Kalau “hanya orang yang tidak ada kerja yang bisa menulis”, maka Rasul seperti Paulus itu pengangguran? Atau filsuf seperti Socrates itu kebanyakan waktu luang?
Padahal
faktanya justru sebaliknya. Banyak tulisan besar lahir dari orang yang terlalu
sibuk hidup, bukan terlalu kosong.
Kerja vs
Menulis
Kalimat itu
mengandung asumsi tersembunyi Kerja sama dengan aktivitas fisik. Menulis sama
dengan aktivitas santai. Padahal secara empiris menulis adalah kerja kognitif
tingkat tinggi.
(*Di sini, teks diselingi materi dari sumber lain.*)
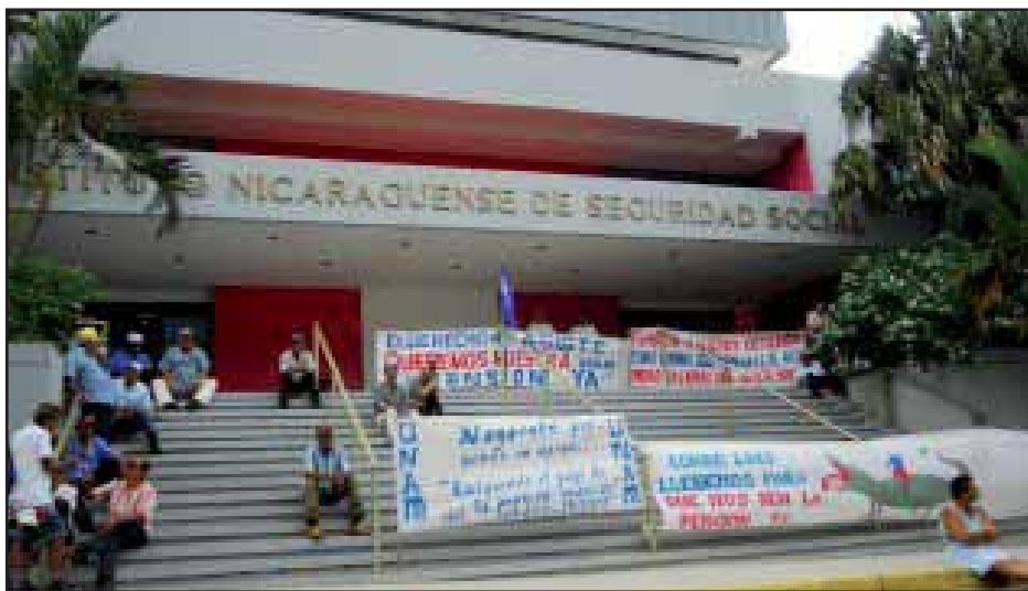
Los ancianos libran una dura lucha por las pensiones

Desde el Partido Socialista Centroamericano (PSOCA) , hacemos un llamado a toda la clase trabajadora y a la sociedad en general que dejen de ser apáticos a estas situaciones que nos afectan a todos, y unámonos en esta lucha por los derechos de los ciudadanos. Emplazamos al gobierno del Frente Sandinista de Liberación Nacional (FSLN) a tomar cartas en el asunto y dar una respuesta satisfactoria a las demandas de la UNAM, así como reformar la Ley a favor del trabajador, mejorando la pensión de jubilación y entregando una pensión promedio o basada en el salario mínimo a aquellas personas que no lograron cotizar las 750 semanas que establece la ley. ■

Membutuhkan fokus, refleksi, dan sintesis pengalaman.
Dalam dunia
modern, CEO menulis strategi, peneliti menulis jurnal, pendeta menulis khotbah.
Jadi menulis
bukan lawan dari kerja. Menulis itu bentuk kerja yang tidak kelihatan capeknya.
Fakta yang
Lebih Menyakitkan
Orang yang
sibuk memang sering tidak menulis. Tapi bukan karena tidak bisa, melainkan
karena tidak sempat berhenti berpikir tentang apa yang dia lakukan. Ini
masalahnya. Banyak orang bekerja terus, bergerak terus, tapi tidak pernah
refleksi. Akhirnya hidupnya penuh aktivitas, tapi miskin makna.
Alkitab
Lebih Tajam Lagi
Tokoh seperti
Musa memimpin bangsa, tapi juga menulis hukum. Tokoh seperti Daud berperang,
tapi juga menulis mazmur. Kitab Mazmur bukan ditulis di sofa santai. Itu
ditulis di padang gurun, medan perang, krisis eksistensial. Artinya, menulis
bukan tanda tidak kerja. Menulis adalah cara mengolah kerja menjadi hikmat.
Sibuk Itu
Kadang Pelarian
Sekarang kita balik kalimatnya: “Banyak orang tidak menulis karena terlalu sibuk bekerja.” Kelihatannya mulia. Tapi kadang itu cuma alasan elegan untuk tidak berpikir dalam, tidak mengevaluasi hidup, tidak berhadapan dengan diri sendiri.
Menulis itu
berbahaya. Karena saat menulis, kita tidak bisa lari.
Menulis
adalah Jeda yang Produktif
Dalam filsafat,
berpikir itu butuh jarak. Menulis adalah jeda dari aktivitas tapi bukan
berhenti bekerja melainkan naik level dari kerja ke kesadaran. Orang yang hanya
bekerja tanpa menulis seperti orang yang lari tanpa tahu arah. Orang yang
menulis tanpa bekerja seperti orang yang menggambar peta tanpa pernah jalan.
Kesimpulan
yang Sedikit Menampar
Bukan “orang
tidak ada kerja yang bisa menulis.” Yang lebih tepat adalah orang yang tidak
mau berhenti dari kesibukannya, tidak akan pernah menulis. Orang yang tidak
pernah menulis, berisiko bekerja tanpa mengerti hidupnya sendiri.
Penutup
Kalau kamu
merasa terlalu sibuk untuk menulis, hati-hati. Bisa jadi kamu bukan terlalu
sibuk tapi terlalu takut untuk tahu apa sebenarnya yang sedang kamu jalani.